Per sollecitare l’intervento del Parlamento in tempi brevi, l’odg ha deciso di dedicare la prima giornata dell’informazione, il 9 maggio scorso, proprio alla riforma con incontri e dibattiti in tutte le regioni italiane, organizzati singolarmente dai diversi Ordini regionali.
Nella cerimonia della giornata a Sassari è intervenuto Franco Siddi, segretario della Fnsi che ha proposto una riforma ancora più radicale di quella approvata dal Consiglio nazionale: un Consiglio di sole 12 persone affiancato da un giurì per la tutela della privacy e consigli regionali di 5 persone. Intoccabile, per Siddi, solo l’articolo 2 della legge istitutiva dell’Ordine che regola autonomia professionale e rispetto delle fonti.
Una proposta che suona come una provocazione per l’ordine, come sottolinea il suo presidente Lorenzo Del Boca: «Siddi, per l’Ordine, vorrebbe dodici consiglieri nazionali (nemmeno uno per regione) ma gli vanno bene i 200 (fra consiglieri, revisori, probiviri) della Fnsi che dirige. Gli fa eco il vicepresidente Enrico Paissan che definisce «immotivata e stravagante» la proposta del segretario della Fnsi.

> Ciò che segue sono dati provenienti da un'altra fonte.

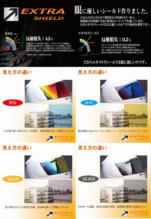 YAMASHIRO EXTRAシールド【VAS-A:TOUR CROSS V シリーズ適合】「視界」にフォーカスし、見やすさに徹底的にこだわった眼に優しい日本製のミラーシールド(エキストラシールド) /山城

Del Boca bolla come «irrealizzabili» le proposte di Siddi e si preoccupa per il rischio che «i parlamentari più impegnati nel tenere in conto le nostre esigenze avranno la tentazione di chiamarsi fuori per evitare di inciampare in polemiche che li coinvolgerebbero direttamente». E conclude il suo commento, presente sul sito dell’ordine, affermando: «Per ottenere – fintamente – l’ottimo, si corre il rischio di rinunciare anche al buono».